EXERCISE INPUTS ::
↓↓↓

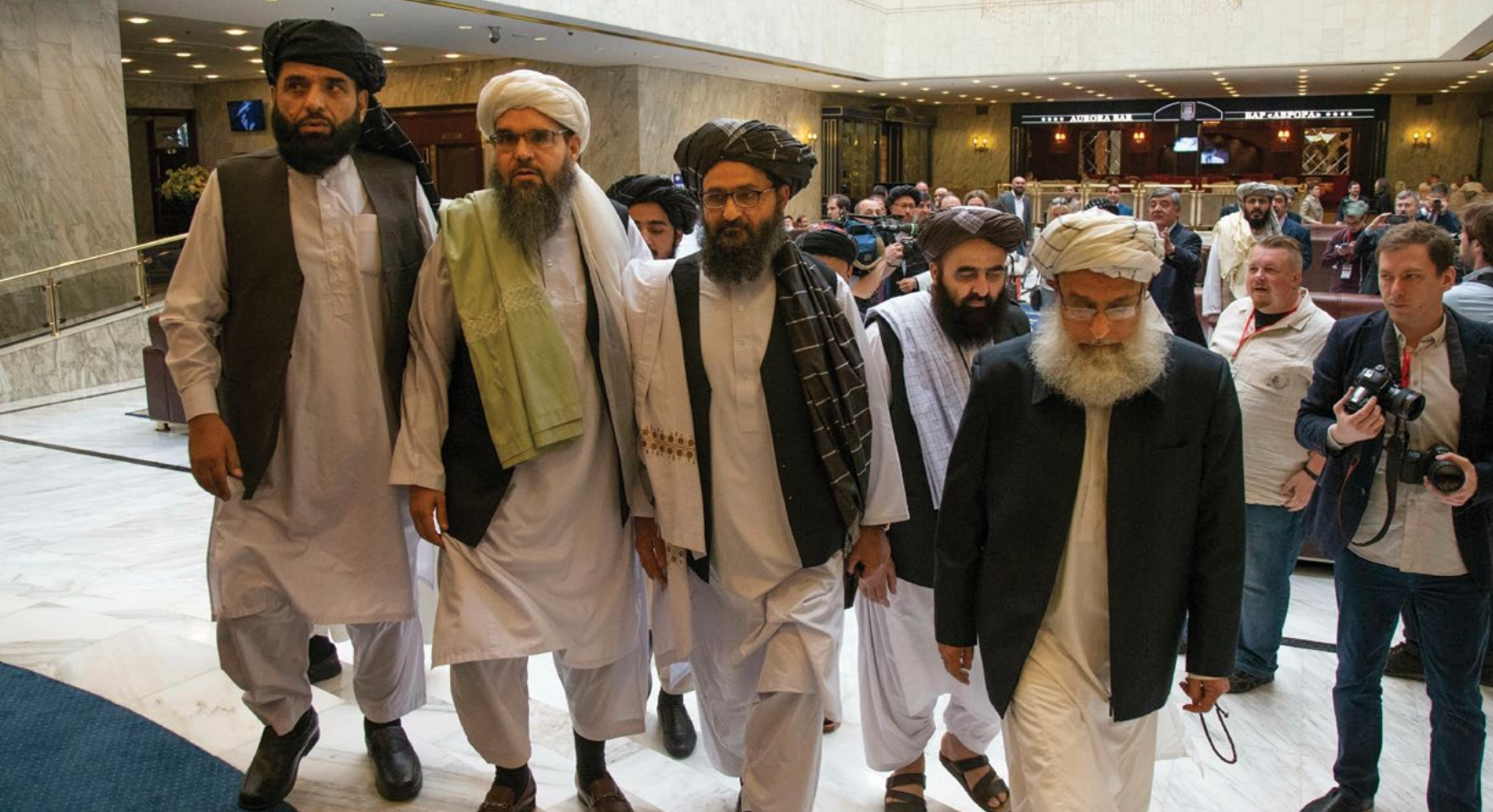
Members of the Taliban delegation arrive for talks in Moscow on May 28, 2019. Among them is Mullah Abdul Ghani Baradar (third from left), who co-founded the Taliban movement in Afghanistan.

↑↑↑
↓↓↓

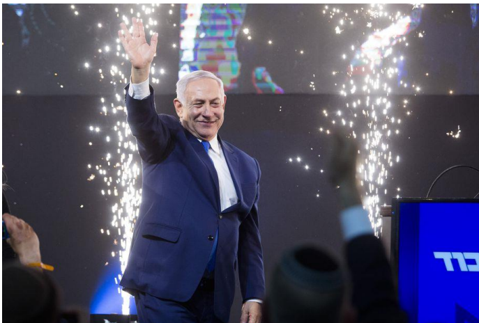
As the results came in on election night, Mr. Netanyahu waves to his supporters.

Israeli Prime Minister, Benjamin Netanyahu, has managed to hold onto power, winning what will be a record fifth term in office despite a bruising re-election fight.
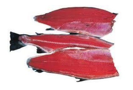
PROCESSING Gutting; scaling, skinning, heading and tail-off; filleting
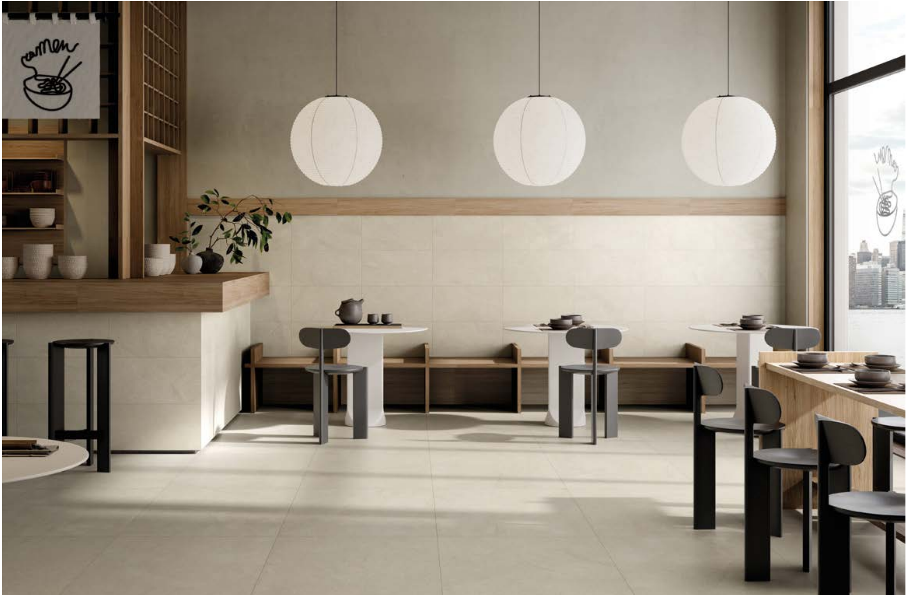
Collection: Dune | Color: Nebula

↑↑↑
↓↓↓

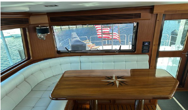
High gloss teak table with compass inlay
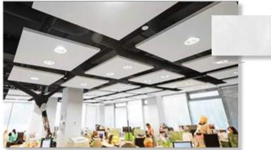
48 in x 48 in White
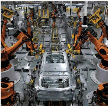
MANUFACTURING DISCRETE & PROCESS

↑↑↑

PROBLEM :: Look through the listing above and copy each line with the word "Netanyahu" in it.

WRITTEN SOLUTION ::
As the results came in on election night, Mr. Netanyahu waves to his supporters.
Israeli Prime Minister, Benjamin Netanyahu, has managed to hold onto power, winning what will be a record fifth term in office despite a bruising re-election fight.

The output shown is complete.